• [Exercise description]
What are the lines, word for word, from the line with "IAIN Cirebon Bangun Kerjasama dengan UINSA Surabaya (Fajar" up to and including the line with "Wooden Play Food" in the records below? Omit the pictures.

══ Given records

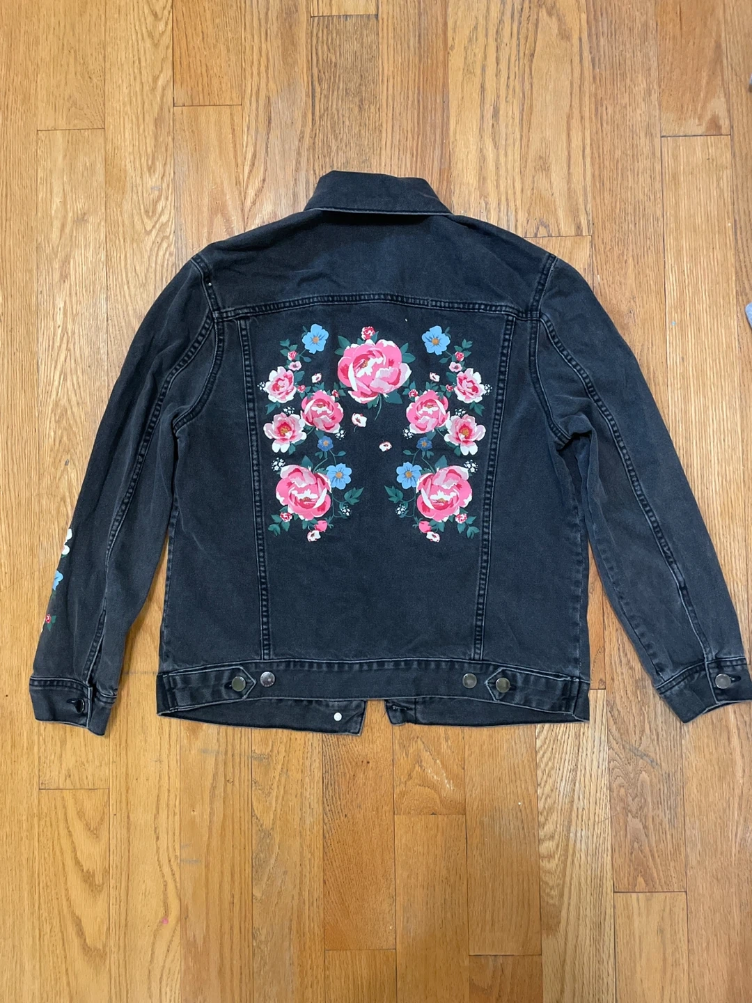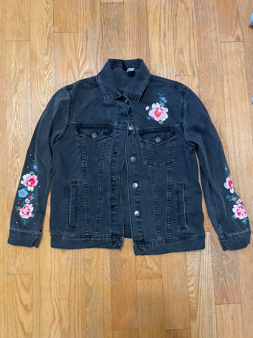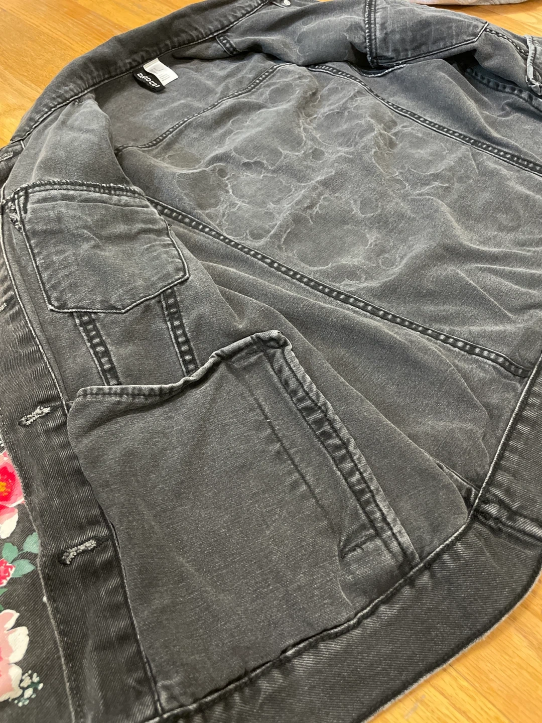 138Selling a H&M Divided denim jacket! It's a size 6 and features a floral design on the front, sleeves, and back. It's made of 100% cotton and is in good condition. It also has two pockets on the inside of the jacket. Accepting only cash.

════
══ Given records

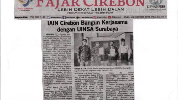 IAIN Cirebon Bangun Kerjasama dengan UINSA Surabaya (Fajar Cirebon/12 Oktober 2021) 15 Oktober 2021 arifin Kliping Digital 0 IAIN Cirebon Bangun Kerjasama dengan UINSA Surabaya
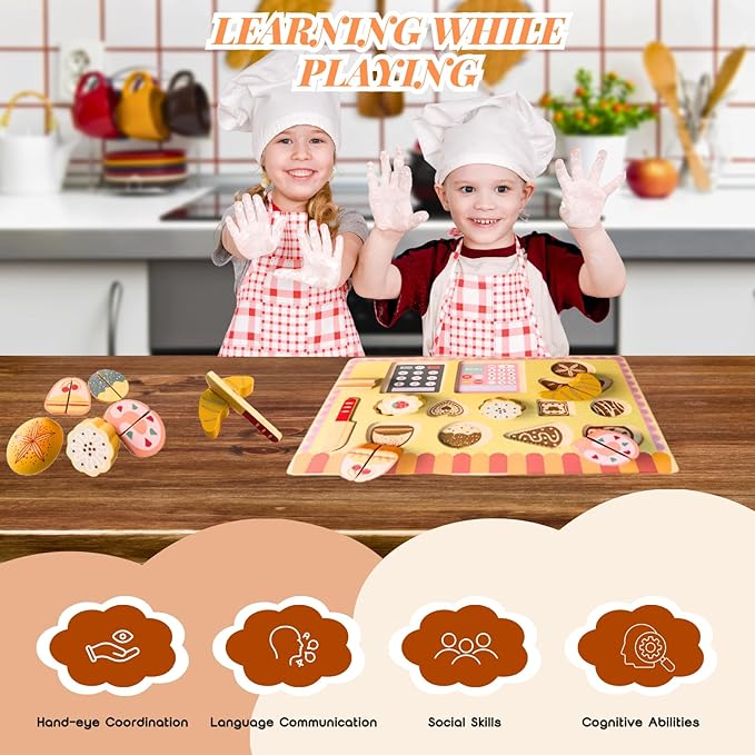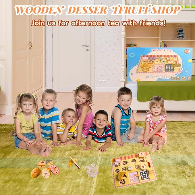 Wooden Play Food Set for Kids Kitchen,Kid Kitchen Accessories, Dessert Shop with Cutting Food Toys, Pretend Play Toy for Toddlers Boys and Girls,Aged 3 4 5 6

════
══ Given records

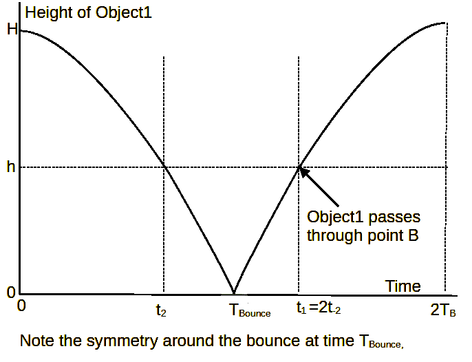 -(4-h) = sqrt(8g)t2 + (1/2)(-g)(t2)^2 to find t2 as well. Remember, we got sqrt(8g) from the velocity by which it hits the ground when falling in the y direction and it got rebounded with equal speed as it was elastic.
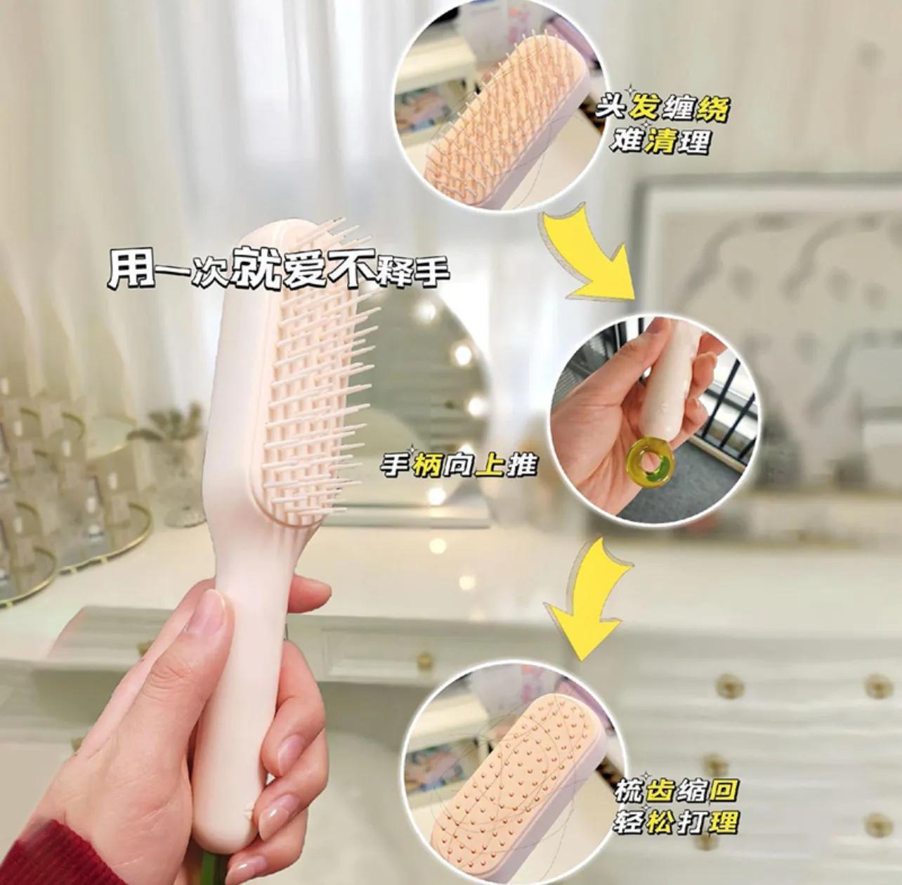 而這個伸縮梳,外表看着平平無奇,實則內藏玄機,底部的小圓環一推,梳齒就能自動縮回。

════

• [Finished task]
 IAIN Cirebon Bangun Kerjasama dengan UINSA Surabaya (Fajar Cirebon/12 Oktober 2021) 15 Oktober 2021 arifin Kliping Digital 0 IAIN Cirebon Bangun Kerjasama dengan UINSA Surabaya
 Wooden Play Food Set for Kids Kitchen,Kid Kitchen Accessories, Dessert Shop with Cutting Food Toys, Pretend Play Toy for Toddlers Boys and Girls,Aged 3 4 5 6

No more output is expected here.